Exercise objective
Reproduce exactly the lines from the one containing "今日は、かがり縫いの仕方を知" through the end of the entries, including both. Drop the pictures.

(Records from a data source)
_ _ _ _ _ _ _
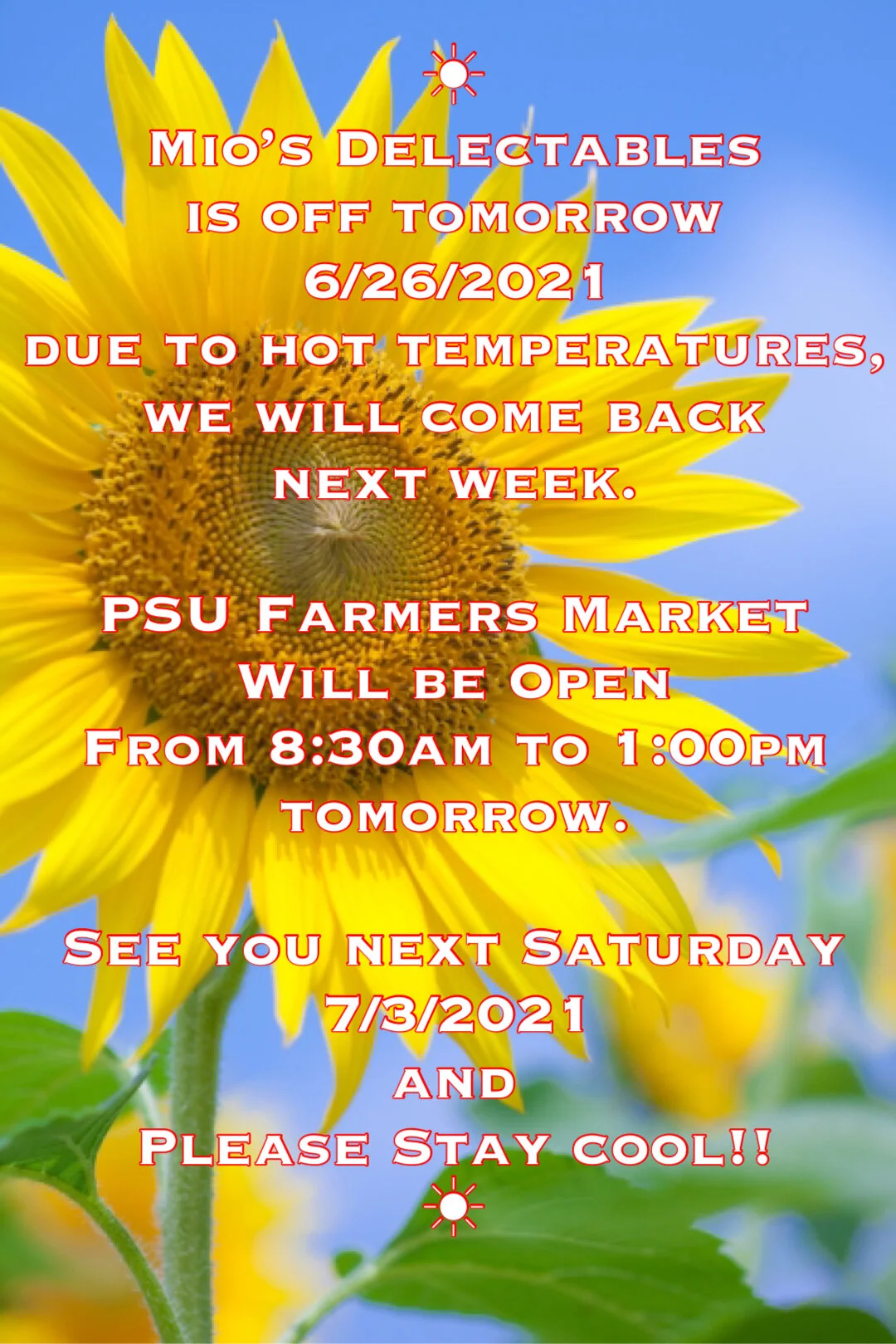 Saturday's Menu on 11.6.2021 (9:00 am-2:00 pm) @PSU Farmers Market
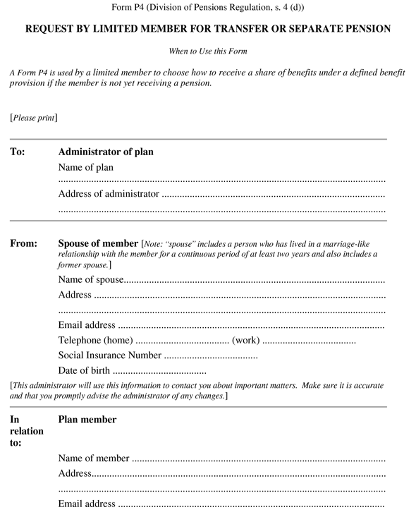 (d) if the limited member has filed a Form P4 in which he or she elected to have the limited member's proportionate share of the commuted value of the benefits transferred from the plan to the credit of the limited member, the administrator must effect that transfer.
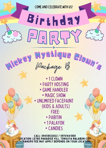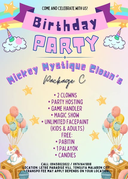 Hello, Ma'am/Sir! Are you looking for a Kid's party Package at a Good Price? Consider trying our Promo Packages, We are accepting any location!
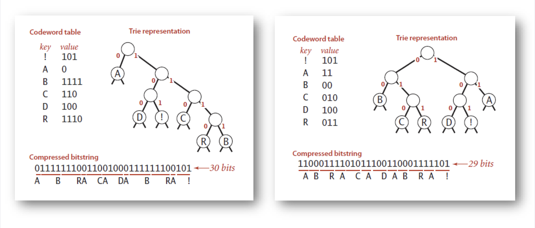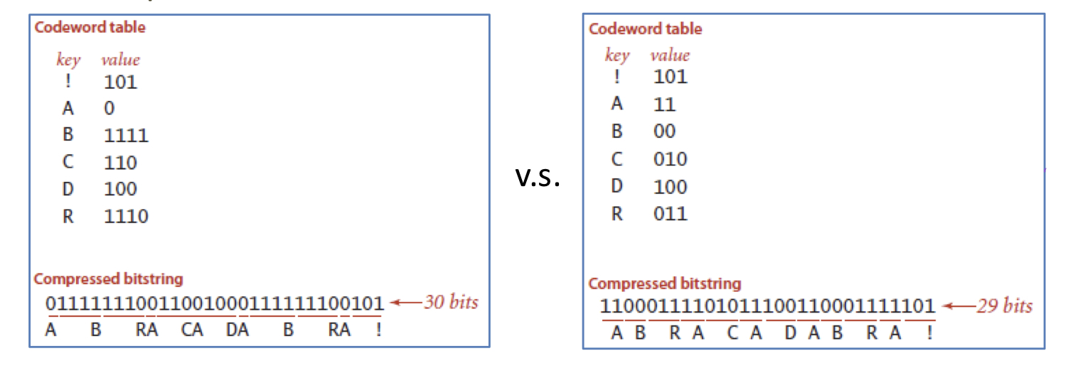 같은 문자열을 표기하는데 한 코드는 30bit를 필요로하고, 다른 코드는 29비트를 필요로 한다.
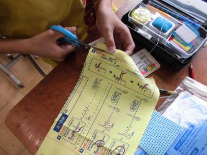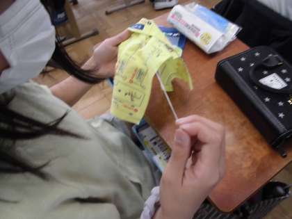 今日は、かがり縫いの仕方を知って、返し縫いが早く終わった人から取り組みました。布の端を裁ちばさみで切り落として、練習用布で練習しました。玉結びを作ることにも慣れてきて手際よくすることができていました。
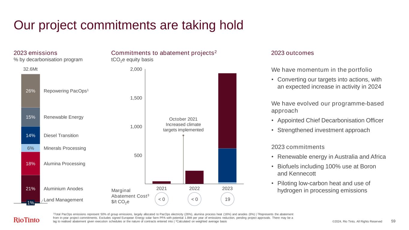©2024, Rio Tinto, All Rights Reserved 58 Our emissions differ from our peers ~80% arise from processing metals and minerals 2023 Scope 1 & 2 emissions 32.6Mt CO2e 2022: 32.7Mt CO2e (adjusted for acquisitions) Aluminium Anodes Repowering PacOps Alumina Processing Minerals Processing On-grid processing (Iceland, South Africa, Oman) Off-grid mining sites Renewable Energy Pilbara Other Diesel Transition L a n d m a n a g e m e n t 26% 8.4Mt CO2e 15% 4.8Mt CO2e 21% 6.8Mt CO2e 18% 5.8Mt CO2e 14% 4.5Mt CO2e 6% 2.0Mt CO2e 1% 0.3Mt CO2e Processing Mining, bulk Other
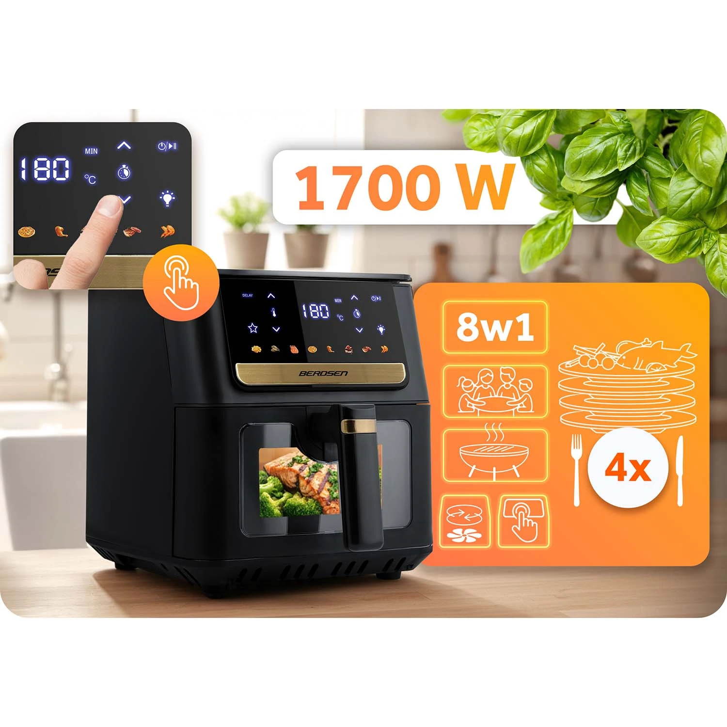 Mitmekülgne köögitehnika, kuni 8 erinevat võimalust maitsva toidu valmistamiseks. Kiiresti ja lihtsalt valmivad ideaalselt krõbedad friikartulid, mahlane kana või kuldsed köögiviljad – kõike seda ilma liigse rasvata! Toit küpseb ühtlaselt: väljast mõnusalt krõbe ja seest mahlane.
_ _ _ _ _ _ _
Your response
 今日は、かがり縫いの仕方を知って、返し縫いが早く終わった人から取り組みました。布の端を裁ちばさみで切り落として、練習用布で練習しました。玉結びを作ることにも慣れてきて手際よくすることができていました。
©2024, Rio Tinto, All Rights Reserved 58 Our emissions differ from our peers ~80% arise from processing metals and minerals 2023 Scope 1 & 2 emissions 32.6Mt CO2e 2022: 32.7Mt CO2e (adjusted for acquisitions) Aluminium Anodes Repowering PacOps Alumina Processing Minerals Processing On-grid processing (Iceland, South Africa, Oman) Off-grid mining sites Renewable Energy Pilbara Other Diesel Transition L a n d m a n a g e m e n t 26% 8.4Mt CO2e 15% 4.8Mt CO2e 21% 6.8Mt CO2e 18% 5.8Mt CO2e 14% 4.5Mt CO2e 6% 2.0Mt CO2e 1% 0.3Mt CO2e Processing Mining, bulk Other
 Mitmekülgne köögitehnika, kuni 8 erinevat võimalust maitsva toidu valmistamiseks. Kiiresti ja lihtsalt valmivad ideaalselt krõbedad friikartulid, mahlane kana või kuldsed köögiviljad – kõike seda ilma liigse rasvata! Toit küpseb ühtlaselt: väljast mõnusalt krõbe ja seest mahlane.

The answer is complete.